Objections from the Public Need to be Invited By Publication in the Newspapers for Naming, Renaming or Changing the Name of A Village, Park, Road or any Public Place: Justice Musarrat Hilali
The Supreme Court recently has decided a case wherein a dispute with regard to changing name of a village was involved. The dispute stems from a notification issued by the then N.W.F.P Government ( now Khyber Pakhtunkhwa) whereby the the Government changed the name of village Tambah Maha to Maira Swati Abad in 2010. Some of the inhabitants were not happy with name changing and challenged it in the Peshawar High Court, stating that the population of the village is more than thirty thousand comprising different classes, communities, and ethnicities. Therefore, it is not appropriate and just to change the name of the village and name it after a specific class or community. The PHC accepted the petition and declared the notification null and void. The same was challenged before the SC.
The SC held that the Khyber Pakhtunkhwa Local Councils Naming and Renaming of Public Places Rules, 1994 (the Rules) stipulates a specific procedure for naming or renaming a public place, like a park, a school or a road etc. The relevant portion of the rules is as follows:
“2. A Council may, with the prior approval of Government, assign a name to a road, street, square, park or any other public place or change the name of any such road, street, square, park or any other public place. Provided that no such name shall be assigned or changed, unless the proposal of naming or re-naming, as the case may ben, has been published in press for inviting objections and suggestions of public in such manner as a Local Council may determine” .

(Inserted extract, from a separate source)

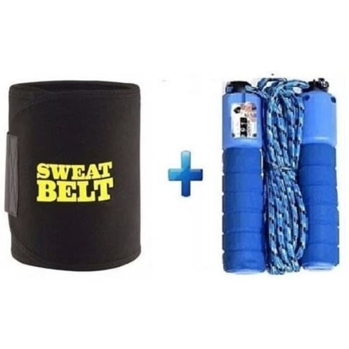 Buy Fitness Bundle - Sweat Belt Waist Trimmer Tummy Fat Burner + Skipping Rope in Nigeria
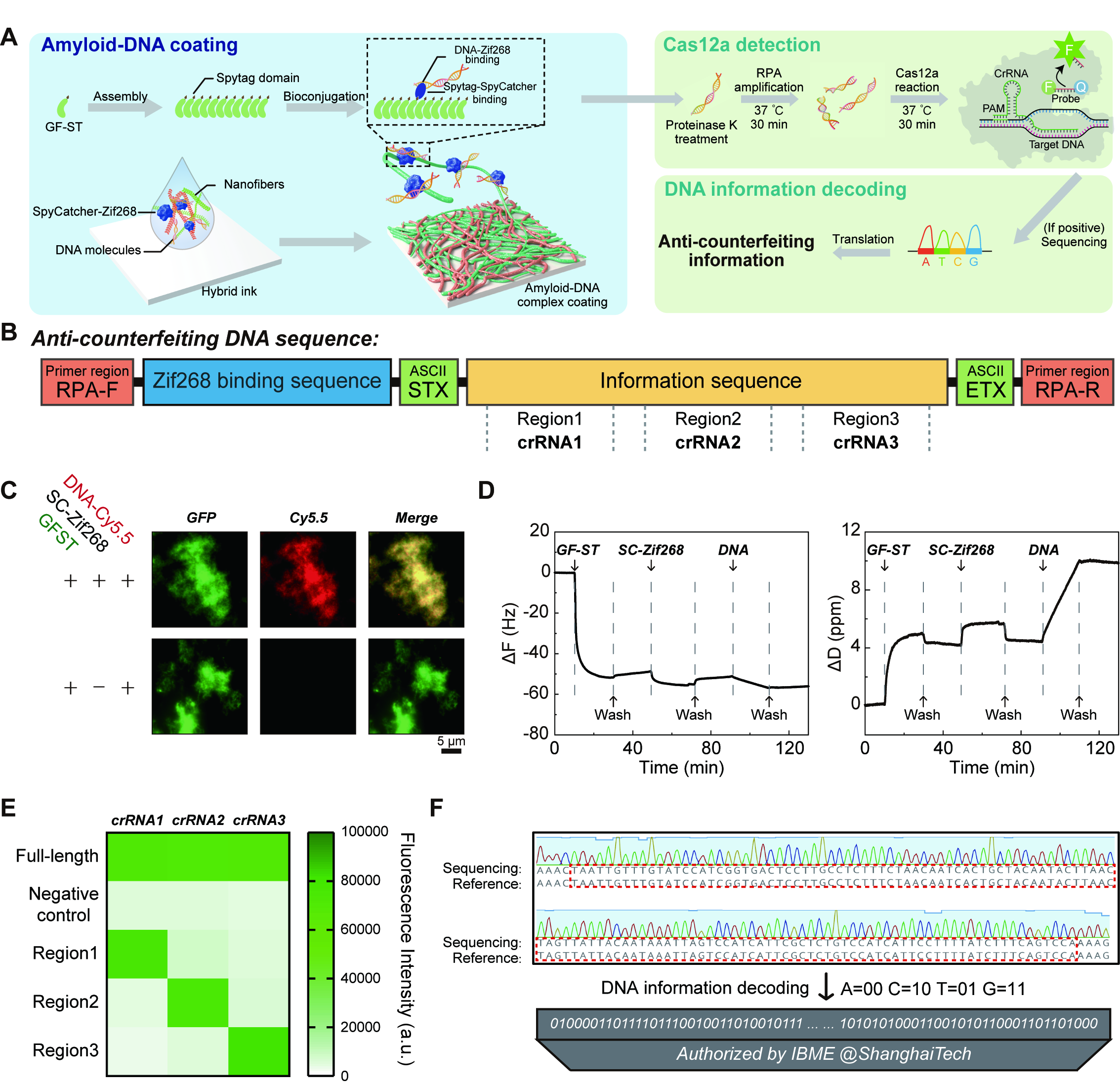 图3 |基于淀粉样蛋白涂层和DNA分子的防伪体系

The Court asserted that though these rules do not provide a mechanism for changing a name of a public place, but the said procedure which is provided for naming or renaming a public place may also be adopted for changing name of a public place. Before changing the name of a public place, a news in this regard shall be circulated among the inhabitants of that locality by publication in the newspaper; objections through the said publication from the general public of that locality shall be invited and an opportunity of hearing shall be afforded to the objectors. Only then, a government can decide to change or not to change a name of a village or any public place.
The SC upheld the decision of the PHC and dismissed the appeal.